Buyout firm Apollo fourth-quarter earnings beat forecasts

NEW YORK (Reuters) - Asset manager Apollo Global Management LLC (APO.N) said on Friday it is monitoring details of the expected U.S. tax reform after its fourth-quarter earnings beat forecasts, as sturdy financial markets buoyed its buyout investments.

A steady stock market and a recovery in the energy sector have helped to lift the performance of private equity managers, who took a drubbing a year ago when oil prices slumped below $30 a barrel.

“We need to know a lot more about what the tax reform is going to look like down the pike,” Leon Black, Apollo’s billionaire chairman and chief executive officer, said in response to questions on how possible changes to the U.S. tax code may affect the firm.

“It’s a brave new world for all of us.”

President Donald Trump has promised to change the U.S. tax law that could include reducing the corporate tax rate to as low as 15 percent.

Other possible changes include imposing an import tax, ending an income tax break for those who work in private equity, and prohibiting companies from deducting interest expense from taxable income.

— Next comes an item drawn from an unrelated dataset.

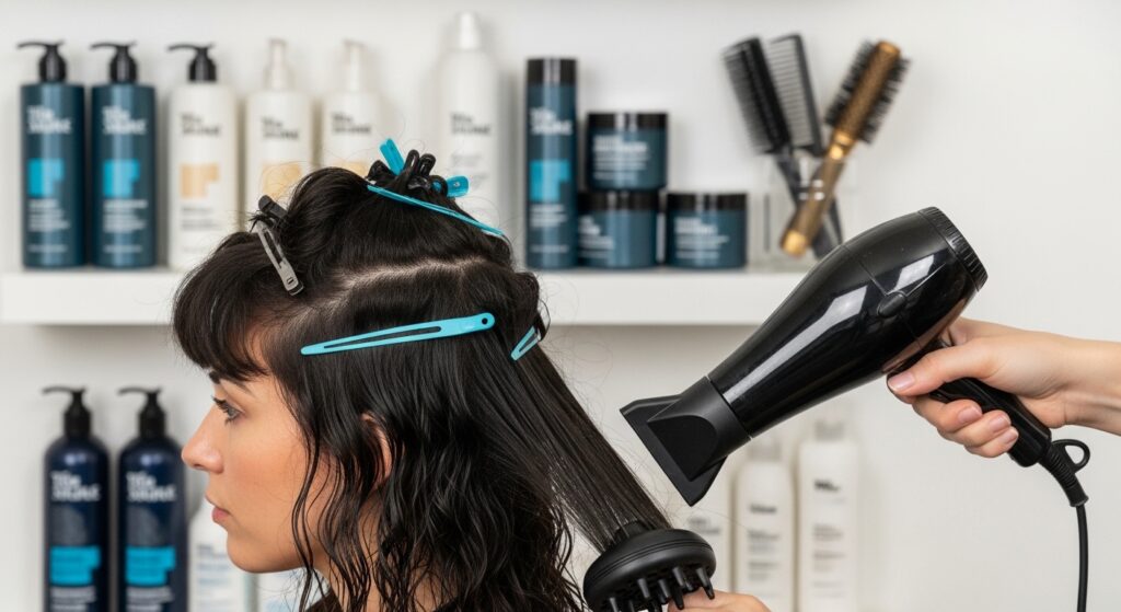 Technique 10: Section Like a Stylist. Don’t dry your hair as one mass. Clip up the top layers and work from the nape of the neck up. Smaller, manageable sections ensure each curl gets focused, even heat.

Apollo reported an economic net income, a key earnings metric for U.S. private equity firms that accounts for unrealized investment gains or losses, of $452.4 million after taxes, more than 14 times the $30.9 million earned a year earlier.

That translates to an economic net income of 98 cents a share. Analysts had expected Apollo to post earnings of 76 cents, according to Thomson Reuters I/B/E/S.

The New York-based firm said in a statement its earnings were lifted in part by the successful stock market listing of its portfolio company Athene Holding Ltd (ATH.N), a fixed service annuity provider.

Athene shares jumped over 9 percent in its stock market debut last month and currently trade about 18 percent above the offer price.

The performance of Apollo's private equity investments outshone other segments. Returns for its buyout business jumped 13.5 percent in 2016, outpacing a 9.5 percent rise in the S&P 500 stock index .SPX.

Apollo’s credit investments, which account for around 70 percent of the firm’s business, appreciated 11.2 percent last year.

Distributable earnings after taxes, which show cash available to pay dividends, jumped 1.8 times from a year ago to $226 million.

In 2016, Apollo invested a total of $16 billion, the most in any year. It managed a total of $192 billion as of the end of December.